En partie de la Colombie, en partie du Québec. Mes valeurs représentent l’héritage des deux cultures que je porte en moi. Cette richesse culturelle me nourrit et me définit, elle est une source de réponse lorsque vient le temps de prendre des décisions.

À quels défis as-tu fait face jusqu’à maintenant dans ton parcours entrepreneurial?

Mon plus grand défi a été d’arrêter de douter de mon projet. À travers la préparation pour les concours, les critiques à propos de mon projet et la conciliation école/entrepreneuriat, j’en venais parfois à me demander si ça valait la peine de continuer, si mon projet était assez bon. Grâce au support et aux encouragements de mon mentor, de Valérie et d’autres, j’ai pris de l’assurance et j’ai appris à percevoir les critiques comme des commentaires constructifs pour m’aider à avancer. Bien que ce soit un travail personnel constant, je peux dire qu’aujourd’hui, j’ai davantage confiance en moi, en mes capacités et en mes idées.

Quel est ton message pour les étudiants qui ont une idée d’affaires, mais qui hésitent à se lancer?

Il m’est arrivé de songer à mettre mon projet sur pause et attendre d’avoir fini mes études, mais je me suis dit que si j’arrivais à trouver le temps et le goût de gérer un projet d’affaires en même temps que l’école, j’allais apprécier encore plus le « après », lorsque j’aurai tout mon temps à y consacrer.

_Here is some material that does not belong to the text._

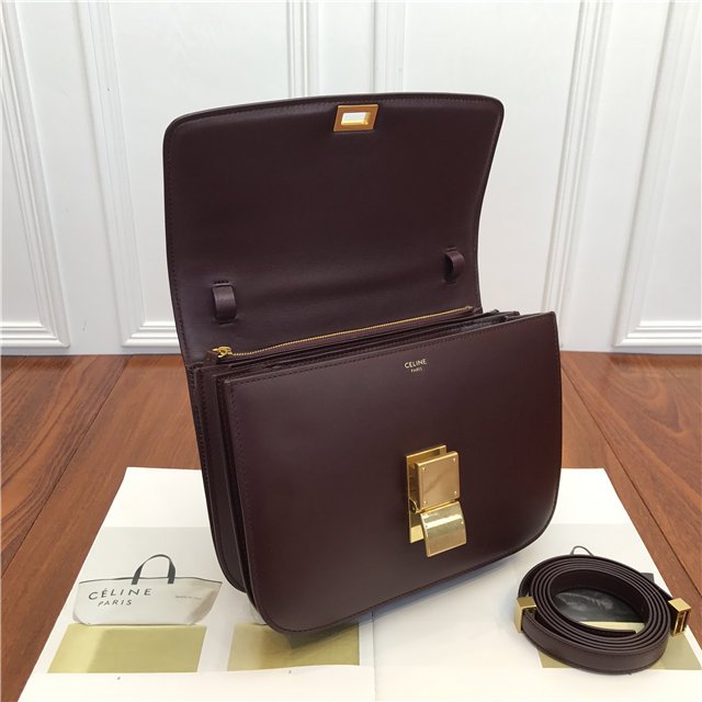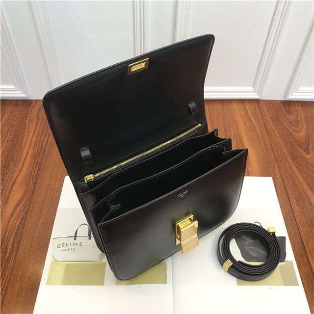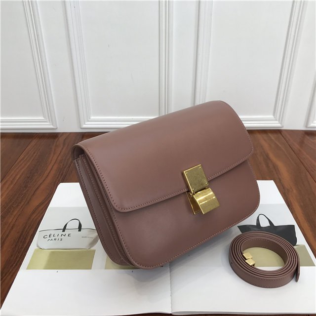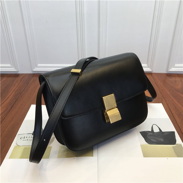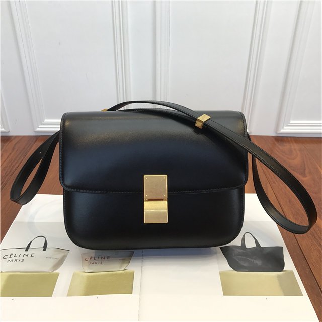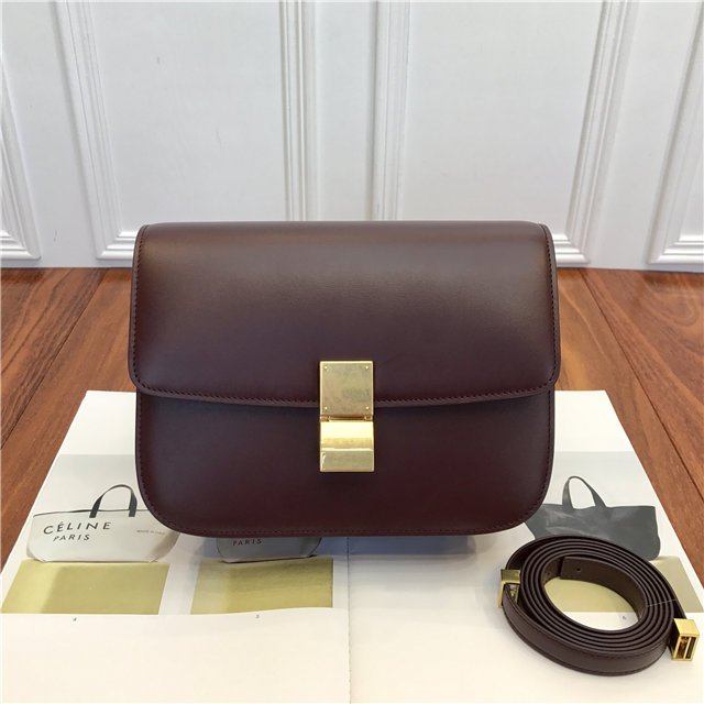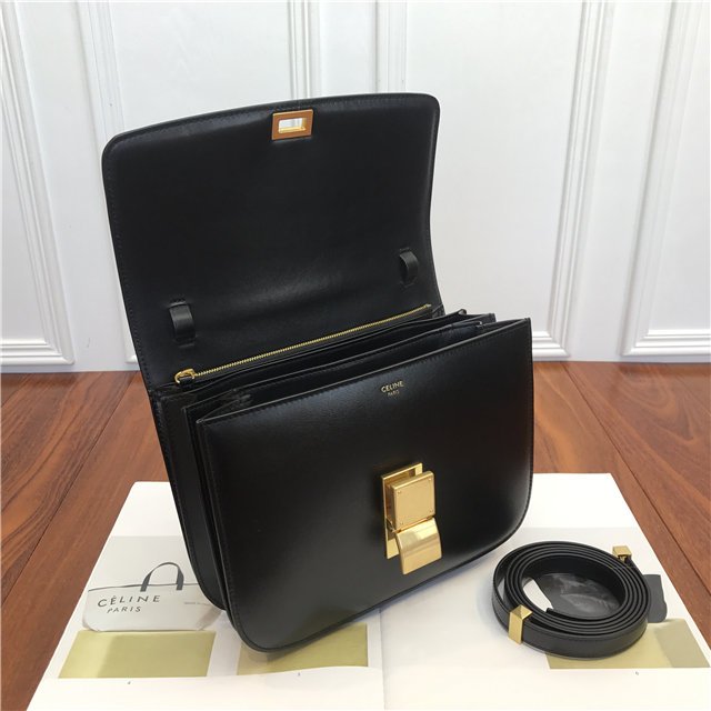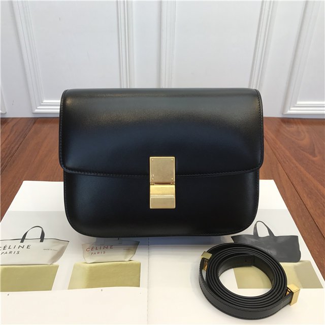 MEDIUM CLASSIC BAG IN BOX CALFSKIN WITH AN ADJUSTABLE AND REMOVABLE LEATHER STRAP AND A METALLIC CLASP CLOSURE.

Entreprendre pendant mes études, ça me permet d’apprendre à m’organiser et de développer mes aptitudes. C’est vraiment un bon moyen de grandir comme individu et comme entrepreneure! Je peux aussi bénéficier des ressources en entrepreneuriat qui sont à ma disposition à l’école, et ça, c’est non négligeable. Finalement, mon projet d’affaires est une réelle source de motivation, ça dynamise mon parcours scolaire et ça le rend plus concret.
Bref, je ne vois pas pourquoi maintenant ne serait pas le bon moment! J’ai d’ailleurs déjà un autre projet d’affaires en tête sur lequel j’ai commencé à travailler. Je ne fais que commencer!